**Aim of the exercise:**
Copy out the data from the line containing "TAPAH: Dua orang" to its last line, exactly. No pictures.

Data section below:

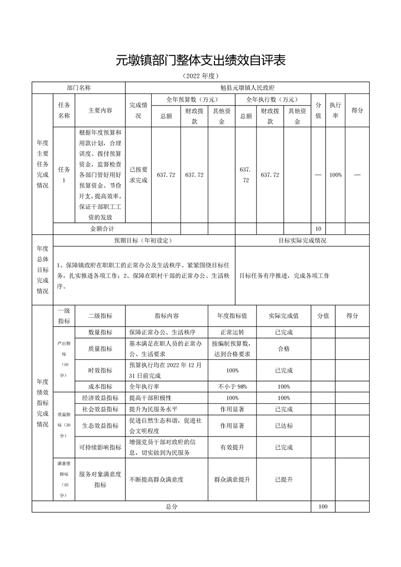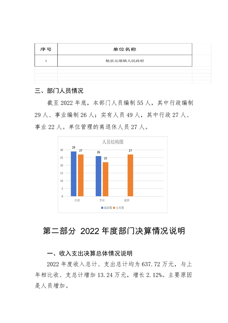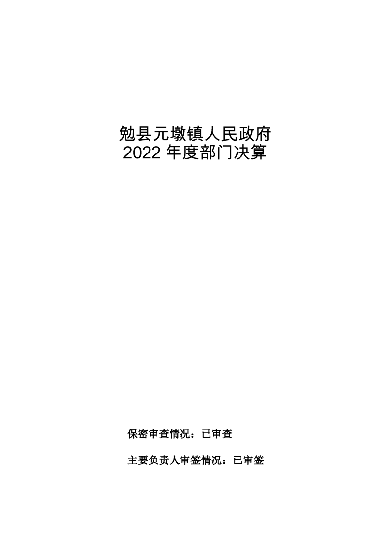 勉县元墩镇人民政府2022年部门决算
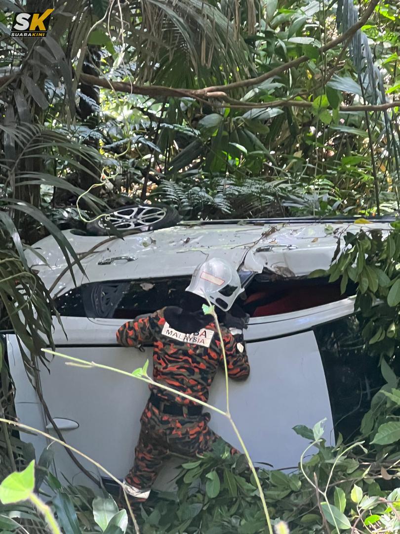 TAPAH: Dua orang cedera setelah kenderaan jenis Perodua Myvi yang dinaiki mereka dipercayai terbabas lalu jatuh ke dalam gaung di Batu 7, Jalan Pahang, di sini hari ini.
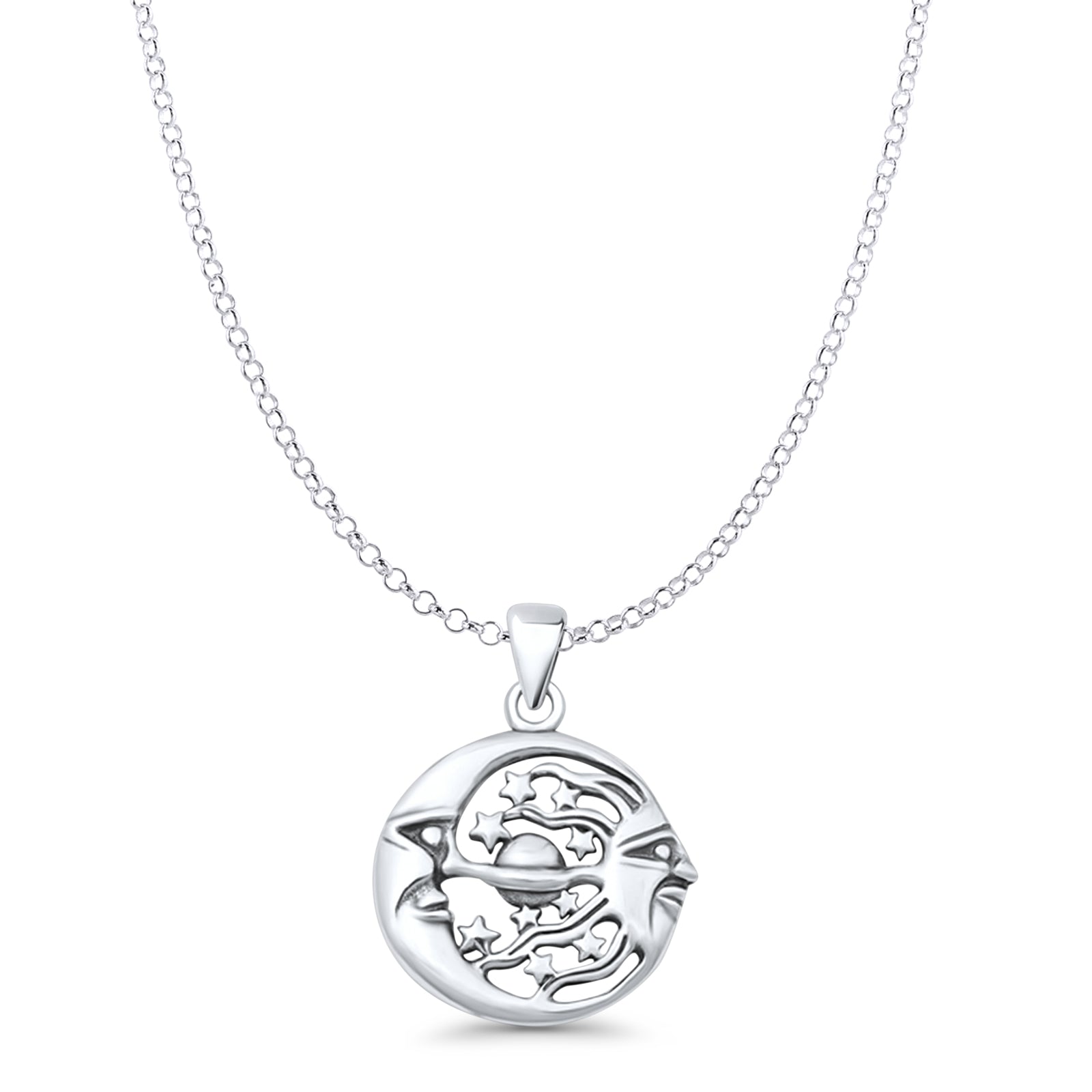 Style: Oxidized Sun Moon & Stars Pendant Necklace
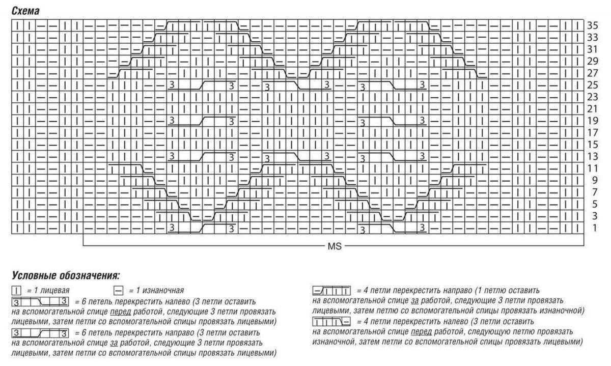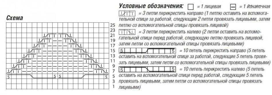 Основной узор: число петель кратно 14+8. Вяжите по схеме. На схеме приведены только лиц. ряды, в изн. рядах все петли вяжите по рисунку. Повторяйте узор с 1-го по 24-й ряд.

End of Data section.

**Answer section:**
 TAPAH: Dua orang cedera setelah kenderaan jenis Perodua Myvi yang dinaiki mereka dipercayai terbabas lalu jatuh ke dalam gaung di Batu 7, Jalan Pahang, di sini hari ini.
 Style: Oxidized Sun Moon & Stars Pendant Necklace
 Основной узор: число петель кратно 14+8. Вяжите по схеме. На схеме приведены только лиц. ряды, в изн. рядах все петли вяжите по рисунку. Повторяйте узор с 1-го по 24-й ряд.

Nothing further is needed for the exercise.